In psychologic acoustics, a pure tone can be the center with it, and the continuous noise with certain bandwidth is sheltered, if noise power equals the power of this pure tone in this frequency band, this moment, this pure tone was in the critical condition that can just be heard, and claimed that promptly this frequency band is critical bandwidth (unit is Bark).Critical band is the psychology foundation of sub-band division in the coding.People's ear to the analysis of audio signal based on critical band, a similar non-equiband bank of filters, widely different in different subbands.Therefore, critical band is the psychologic acoustics foundation of sub-band division in the coding.In sensing audio encoding, the division of subband should be approaching with the width of people's ear critical band as far as possible, so that better adapt to the auditory properties of people's ear.But, in the coding of reality, consider the cost of realization, this requirement can not obtain satisfying completely.Reason is, can and quantize the difficulty that there is technical elements in design near the non-equiband bank of filters design of the auditory properties of people's ear, relevant psychoacoustic analysis.
Usually, a basic operation of perception audio encoding device be the audio signal of input from time-domain be mapped to frequency domain or the time one frequency domain, its basic thinking is: signal decomposition is the composition on each frequency band; In case input signal is expressed on frequency domain, psychoacoustic model just can be with removing minor matters information; Further, the composition on each frequency band is divided into groups.At last, by allocation bit number reasonably to express each class frequency parameter.Because audio signal shows strong quasi periodicity, this process can reduce data volume greatly, promote code efficiency.
In nearest several years, a series of can be used for that the signal composition separates and redundancy is extracted the time--frequency domain shines upon (being also referred to as conversion and filtering) algorithm and is developed.The different method of these performances comprises:
(1) discrete Fourier transform (DFT) (Discrete Fourier transform, DFT).
(2) discrete cosine transform (Discrete cosine transform, DCT).
(3) mirror filter (Quadrature mirror filters, QMF).
(4) pseudo-mirror filter (Pseudo QMF, PQMF).
(5) the cosine-modulation filter (Cosine Modulated Filters, CMF).(comprising discrete cosine transform, i.e. MDCT)
(6) discrete wavelet (bag) conversion (Discrete Wavelet (Packet) Transform, DW (P) T).
Above-mentioned various conversion has different pluses and minuses, and different systems selects the basic comprising of suitable conversion as its bank of filters as required for use.
MPEG-1,2 Layers I and II have adopted PQMF as bank of filters.The advantage of this bank of filters is: structure is simple relatively, temporal resolution is fine.Its shortcoming is: have tangible frequency overlap between the contiguous subband; The variation of single-frequency signals can influence two subbands that are adjacent.The following frequency bandwidth of 2000Hz is much larger than the psychologic acoustics bandwidth value, thereby can't realize the optimum allocation of bit number.The real-time operation amount is bigger than normal.

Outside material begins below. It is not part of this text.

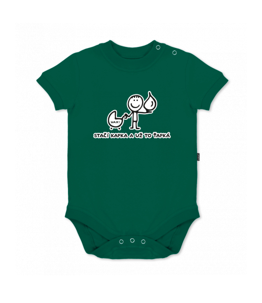 UAX baby body SHORT for kid with design 1081 STAČÍ KAPKA A UŽ TO ŤAPKÁ in color UNIVERSITY GREEN

MPEG-1,2 Layer III have adopted the cascade of PQMF and MDCT as its bank of filters.Thereby improve code efficiency though the introducing of MDCT can promote frequency resolution, the frequency overlap of PQMF between contiguous subband still can cause mixing repeatedly of signal, and the diffusion ratio of frequency domain quantizing noise on time-domain is more serious.
MPEG-2,4 AAC have adopted MDCT, and (steady-state signal: 1024-point MDCT, transient signal: 128-point MDCT), this bank of filters has been used two kinds of overlapping window shape: SINE and KBD as bank of filters.Its advantage is: frequency resolution is fine; Its shortcoming is: temporal resolution is on the low side.
Bank of filters and the MPEG-2 of MPEG-4 Twin VQ, 4 AAC are similar, and in addition, it has adopted the linear filter group to carry out the normalization operation with the albefaction spectral coefficient and before quantized level.
The bank of filters of AC-3 is used 256-point MDCT to steady-state signal, and transient signal is used 128-point MDCT, and its block length choice mechanism is fairly simple, and the selection effect is a suboptimum.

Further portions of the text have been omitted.